→ **Try it**: Exactly as they appear, print the line with "Peluso Francesco (Napoli" and each line after it through the end of the entries below; leave out pictures.

=== Section Start ===

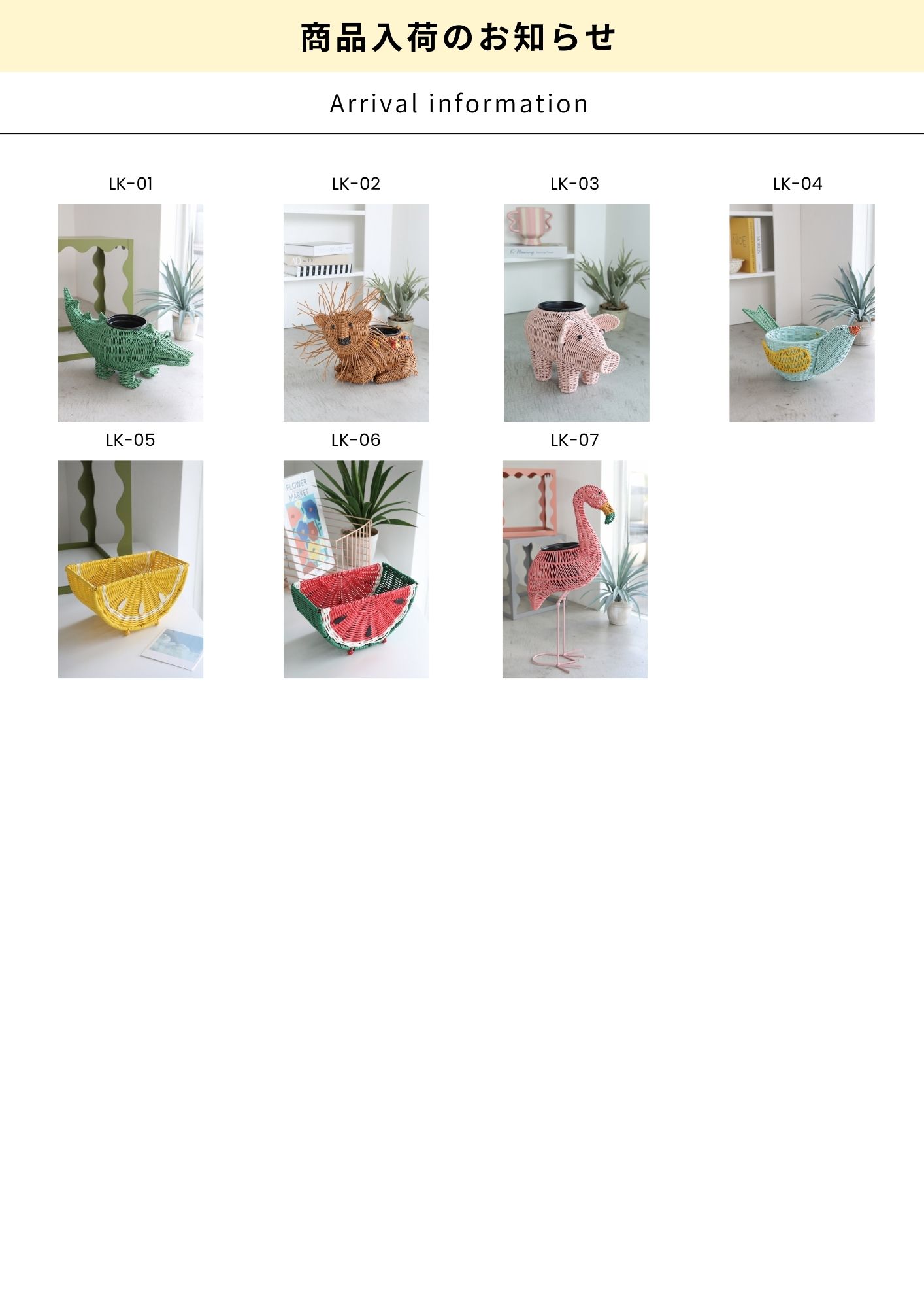 LK 商品入荷のお知らせ 1月 26, 2026 | Arrival Information 下記商品が入荷しました。 [LK-01][LK-02][LK-03][LK-04] [LK-05][LK-06][LK-07]
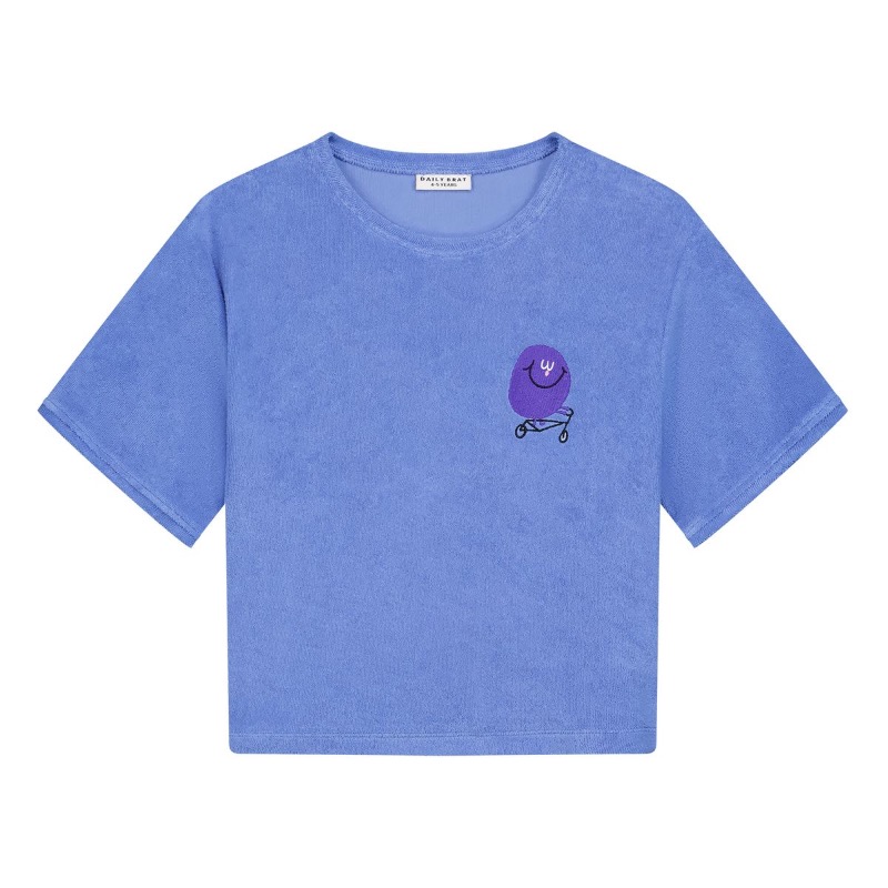Daily Brat – Giggling Towel T-shirt Blue. Tof blauw t-shirt met opdruk op de voorkant!. Shop hier meer Daily Brat kleding bij Little Department Store.
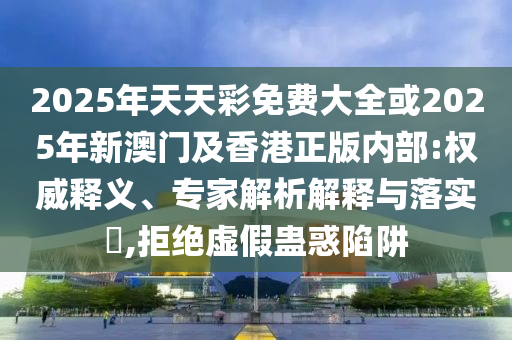 2025年天天彩免費(fèi)大全”及“2025年新澳門及香港正版內(nèi)部”的權(quán)威釋義、專家解析解釋與落實(shí),以及警惕虛假宣傳與蠱惑陷阱的指南
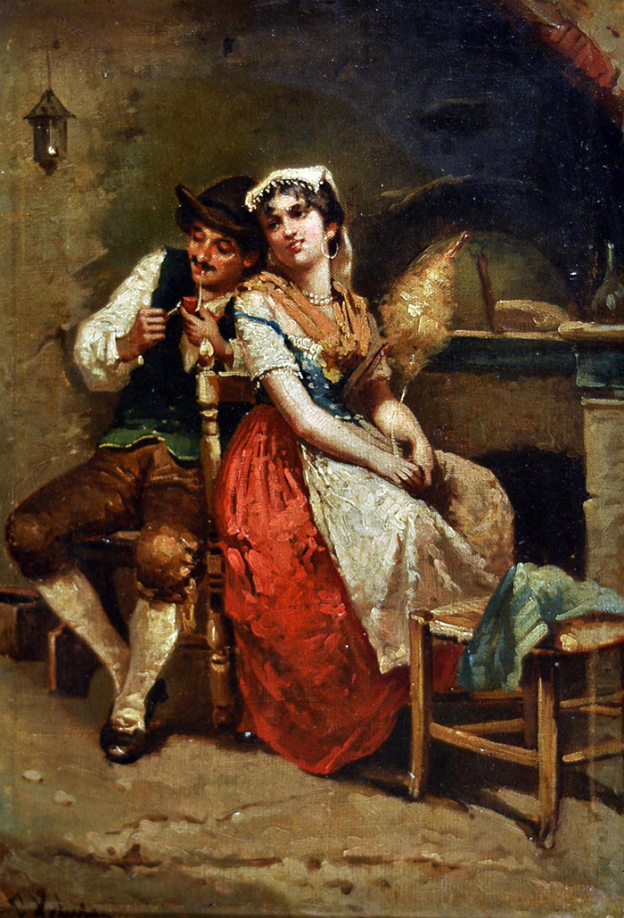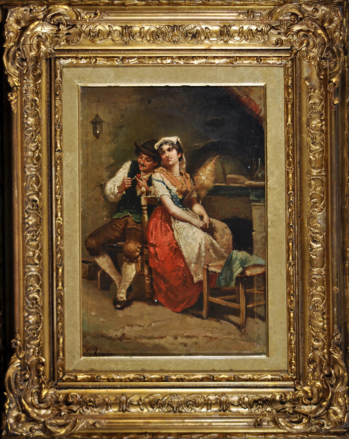Peluso Francesco (Napoli 1836 - dopo il 1916) Corteggiamento olio su tela, cm 40x26,5 firmato in basso a sinistra: F. Peluso
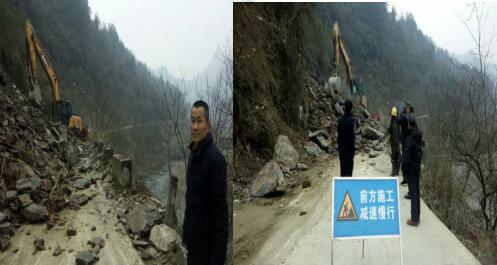 X005线雁池乡水晶庙村路段发生二次山体垮塌,交通中断,乱石不断滚落,经交通运输部门现场勘查,夜间施工排险存在重大安全隐患。今天上午,交通运输局通过四个小时的抢修,现已抢通,可顺利通行。
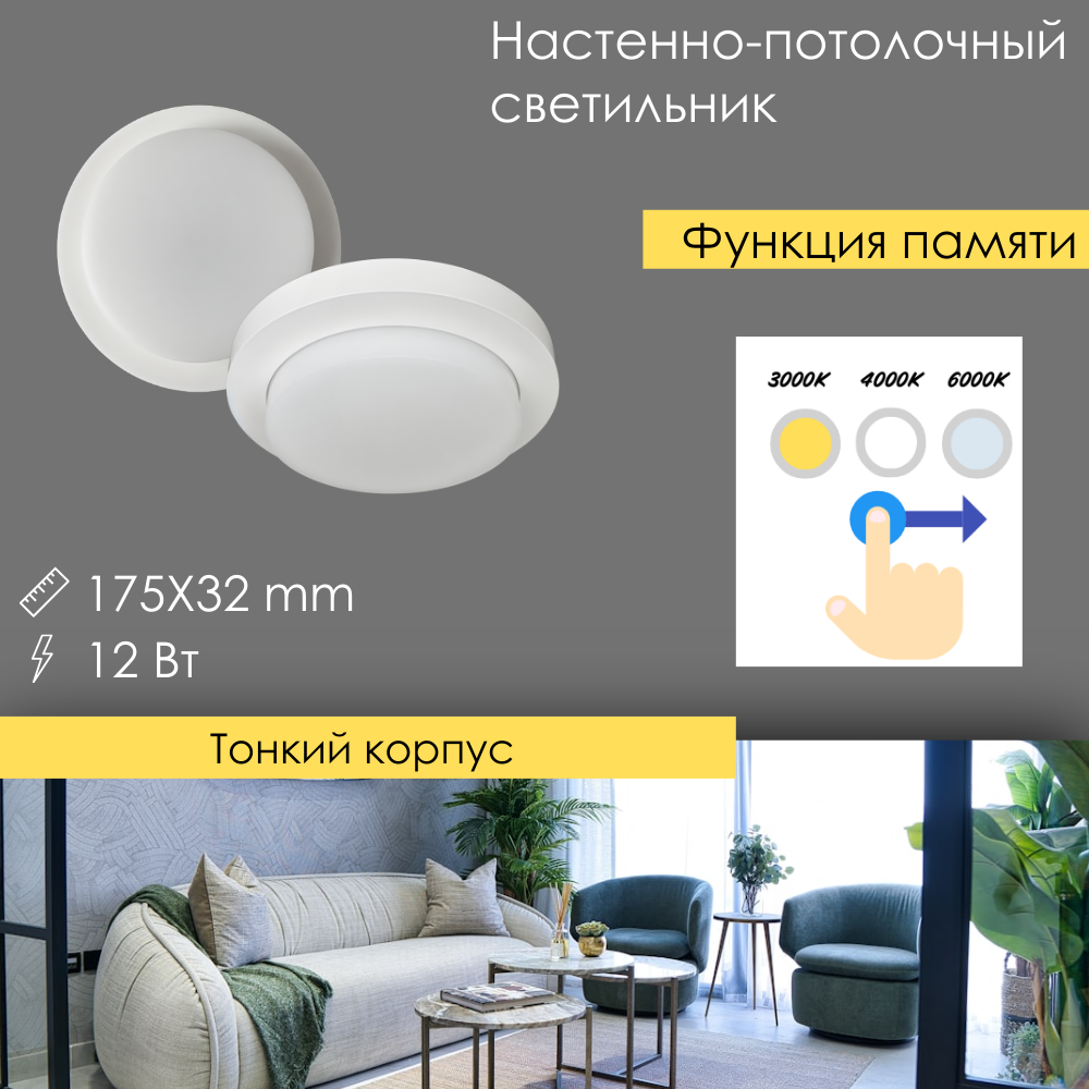 Светильник светодиодный настенно-потолочный круглый 12Вт, 3000/4000/6000К, 175×32мм, белый

=== Section End ===

→ **Solution to this problem**:
Peluso Francesco (Napoli 1836 - dopo il 1916) Corteggiamento olio su tela, cm 40x26,5 firmato in basso a sinistra: F. Peluso
 X005线雁池乡水晶庙村路段发生二次山体垮塌,交通中断,乱石不断滚落,经交通运输部门现场勘查,夜间施工排险存在重大安全隐患。今天上午,交通运输局通过四个小时的抢修,现已抢通,可顺利通行。
 Светильник светодиодный настенно-потолочный круглый 12Вт, 3000/4000/6000К, 175×32мм, белый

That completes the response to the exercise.